**Input data**
- - - - -

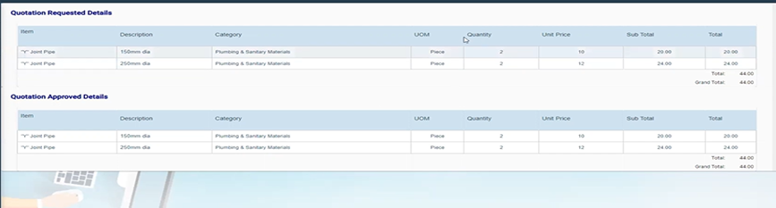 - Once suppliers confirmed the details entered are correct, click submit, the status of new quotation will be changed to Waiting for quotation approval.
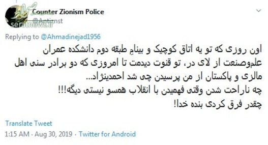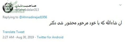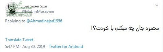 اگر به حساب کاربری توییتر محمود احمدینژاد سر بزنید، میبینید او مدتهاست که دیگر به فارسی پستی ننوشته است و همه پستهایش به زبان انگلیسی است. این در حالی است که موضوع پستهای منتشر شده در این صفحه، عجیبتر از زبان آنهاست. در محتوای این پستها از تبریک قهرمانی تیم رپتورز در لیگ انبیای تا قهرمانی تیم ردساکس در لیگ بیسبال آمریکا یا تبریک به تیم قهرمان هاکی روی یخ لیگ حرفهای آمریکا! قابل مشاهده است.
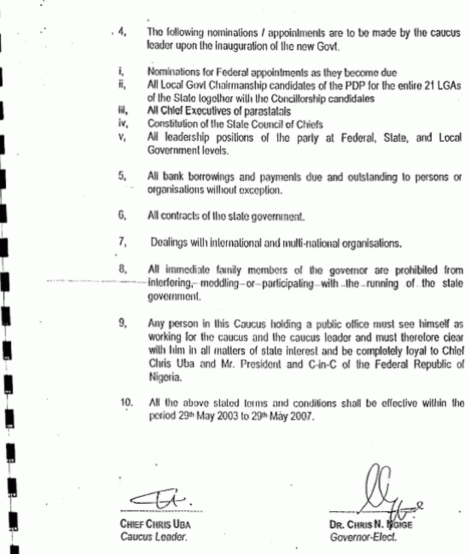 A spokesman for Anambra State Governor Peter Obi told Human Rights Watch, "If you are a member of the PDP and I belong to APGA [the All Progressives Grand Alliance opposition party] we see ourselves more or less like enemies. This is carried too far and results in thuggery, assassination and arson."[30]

- - - - -

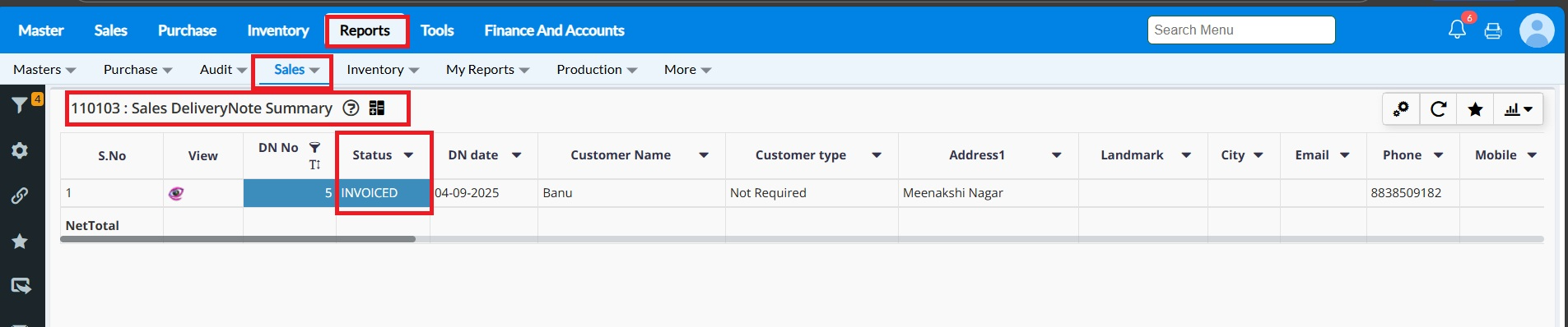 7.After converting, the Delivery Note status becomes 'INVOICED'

- - - - -

For the entries above, print exactly the lines between the one with "- Once suppliers" and the one with "A spokesman for", inclusive, with no pictures.

 - Once suppliers confirmed the details entered are correct, click submit, the status of new quotation will be changed to Waiting for quotation approval.
 اگر به حساب کاربری توییتر محمود احمدینژاد سر بزنید، میبینید او مدتهاست که دیگر به فارسی پستی ننوشته است و همه پستهایش به زبان انگلیسی است. این در حالی است که موضوع پستهای منتشر شده در این صفحه، عجیبتر از زبان آنهاست. در محتوای این پستها از تبریک قهرمانی تیم رپتورز در لیگ انبیای تا قهرمانی تیم ردساکس در لیگ بیسبال آمریکا یا تبریک به تیم قهرمان هاکی روی یخ لیگ حرفهای آمریکا! قابل مشاهده است.
 A spokesman for Anambra State Governor Peter Obi told Human Rights Watch, "If you are a member of the PDP and I belong to APGA [the All Progressives Grand Alliance opposition party] we see ourselves more or less like enemies. This is carried too far and results in thuggery, assassination and arson."[30]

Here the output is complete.